Now you probably think — this guy is insane — why Scrum would not be Agile? Scrum equals Agile, everyone knows that. One of my favorite interview question is: “What does Agile mean ergo why is Scrum Agile?” … and many people fail to answer! Well, it is assumed that Scrum/Kanban/XP/whatever is Agile because these methods stand in opposition to the traditional heavyweight processes, which were born before the application development crisis. But is it enough to be in the opposition, to really be considered Agile?
Many of the methods/techniques developed in the opposition to waterfall during 90’s led to Agile Manifesto codified in 2001 in Snowbird. Since then, we can easily say that a development framework or method is Agile if and only if it is compliant with the Agile Manifesto and its principles:
- Individuals and interactions over processes and tools;
- Working software over comprehensive documentation;
- Customer collaboration over contract negotiation;
- Responding to change over following a plan.
I always feel inner amusement when I ask the question: Are you working Agile? Very often I hear answers such as:
“Yes, we have Scrum, but it’s not exactly agile, because we do not strictly implement rules from the scrum guide.”
So, is Scrum heavyweight and not Agile? No, but Yes or could be? To me this is really simple.

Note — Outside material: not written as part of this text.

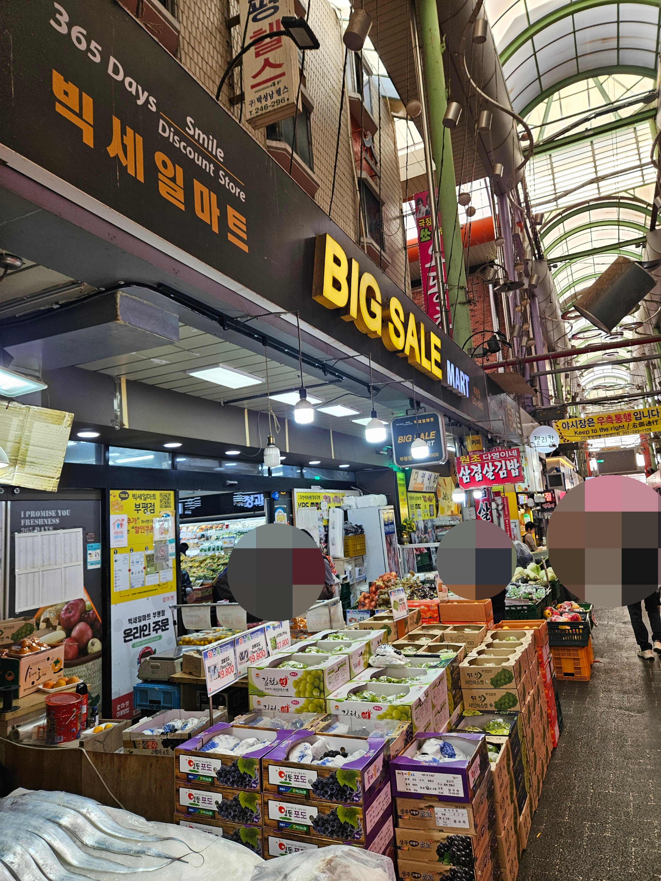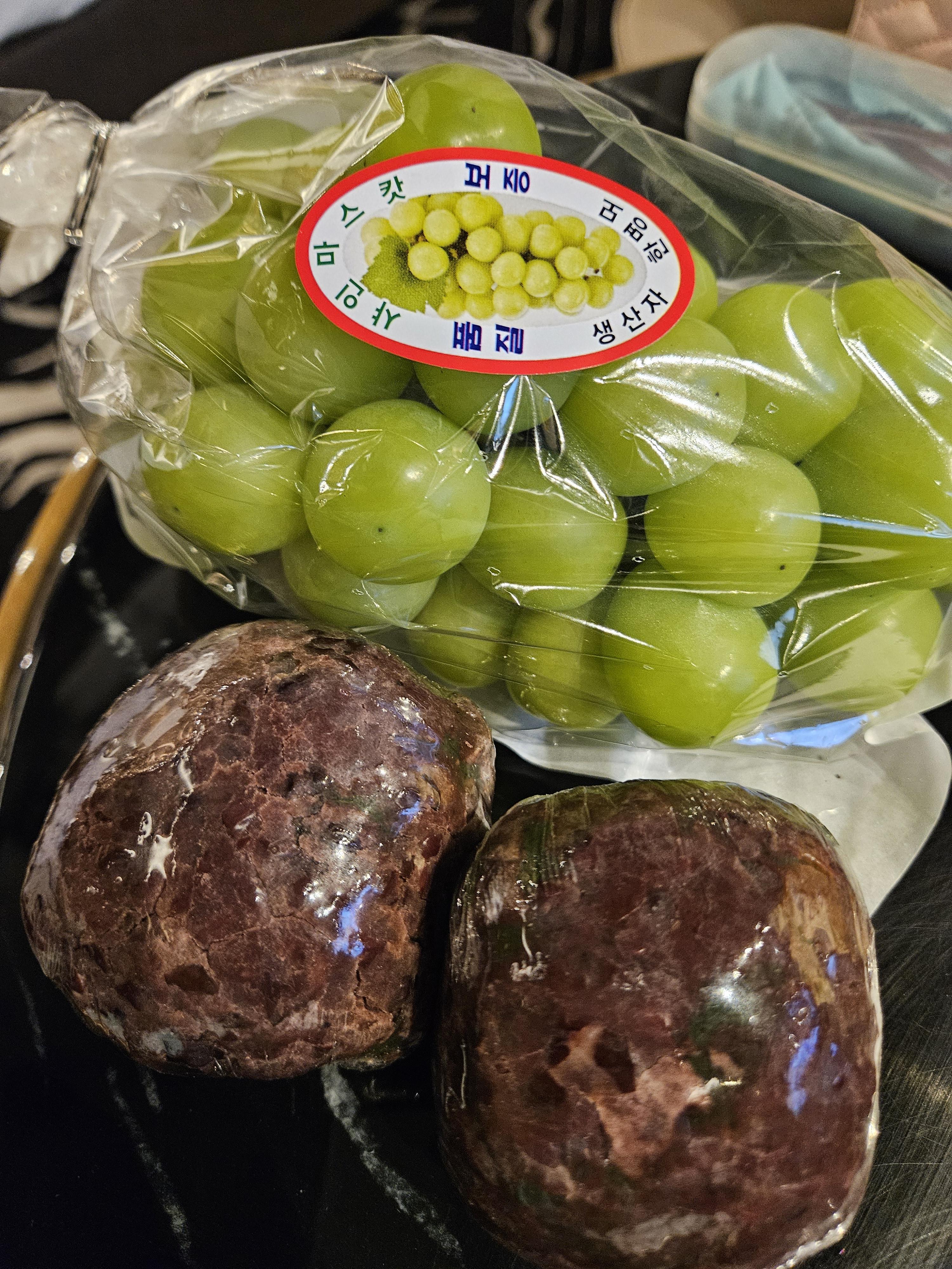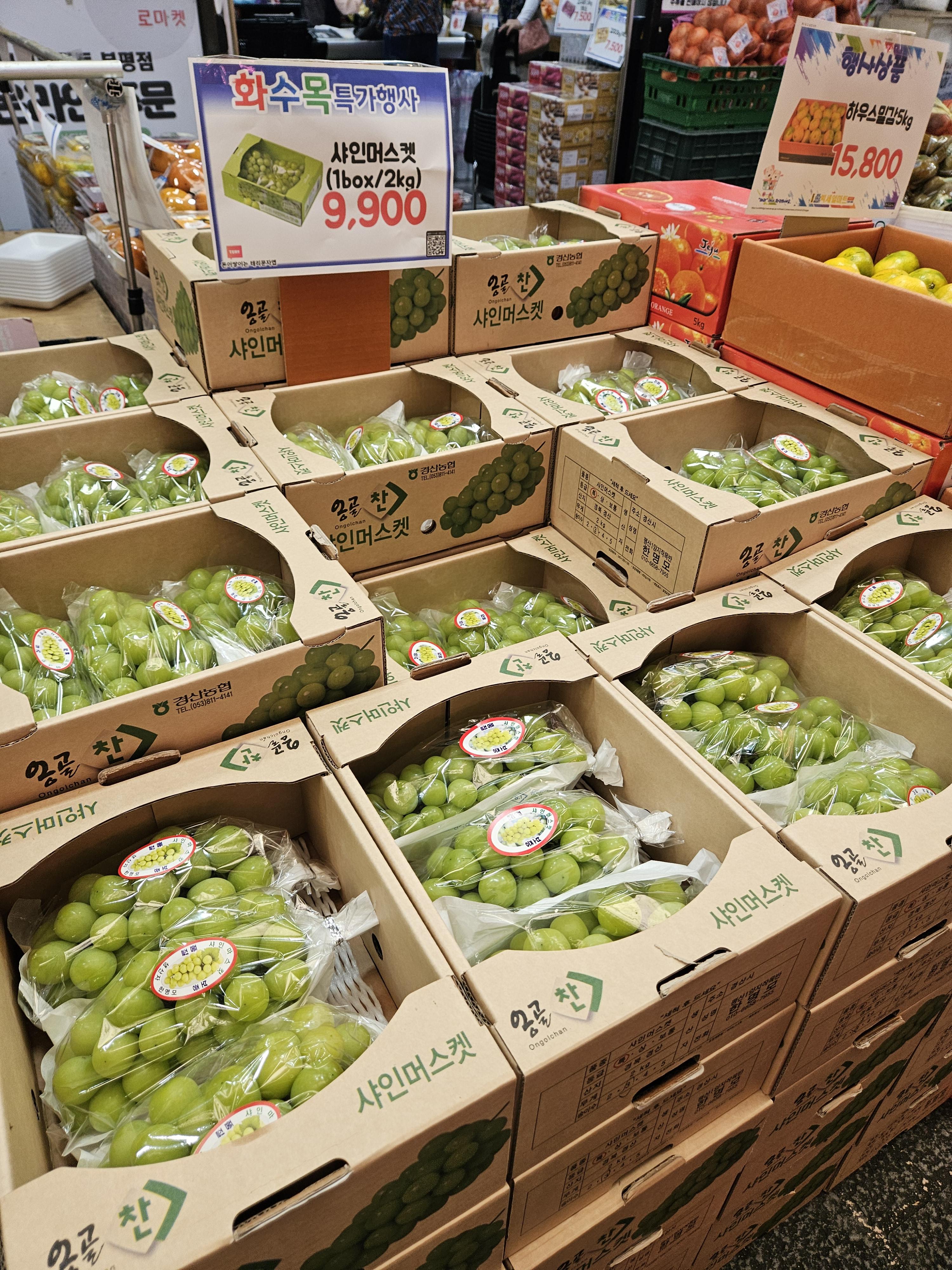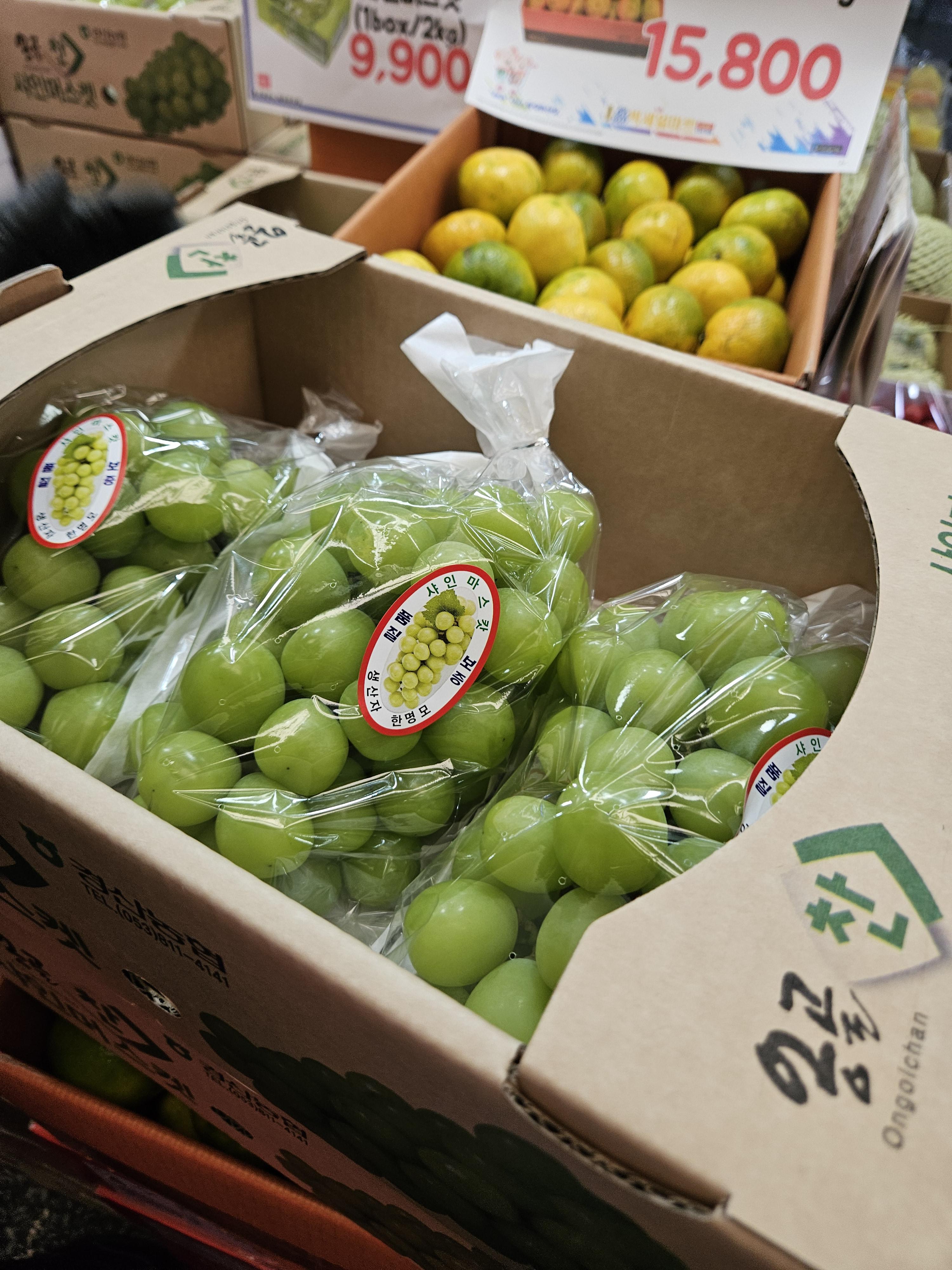 둘러보고 다시 깡통시장으로 와서 이가네 떡볶이 근처 탑세일마트(부평 소, 돼지 도매센터 정육점 앞)에서 찜해 놓은 샤인머스캣 2박스 구매했다.

YOU ARE effectively NOT acting Agile when you are (for example):
- a Scrum Master who focuses on the Scrum rules instead of delivering great software,
- a developer who makes the code cleaner and cleaner instead of delivering software without bugs,
- a Product Owner who is an accountant in relation to your customer instead of defining valuable functionalities.
Summing up, you are NOT acting Agile if you only practice some of the ceremonies of Scrum, but forget about the essence of Agile expressed in the Agile Manifesto!
If Mr. Miyagi were an Agile coach instead of a karate master he would probably say: “First learn how to be Agile, then implement Scrum”.
Do not get me wrong — Scrum is a great framework. In my opinion, it is still the best framework for software development! But while using it, please do not forget about the foundations of agility — Agile Manifesto.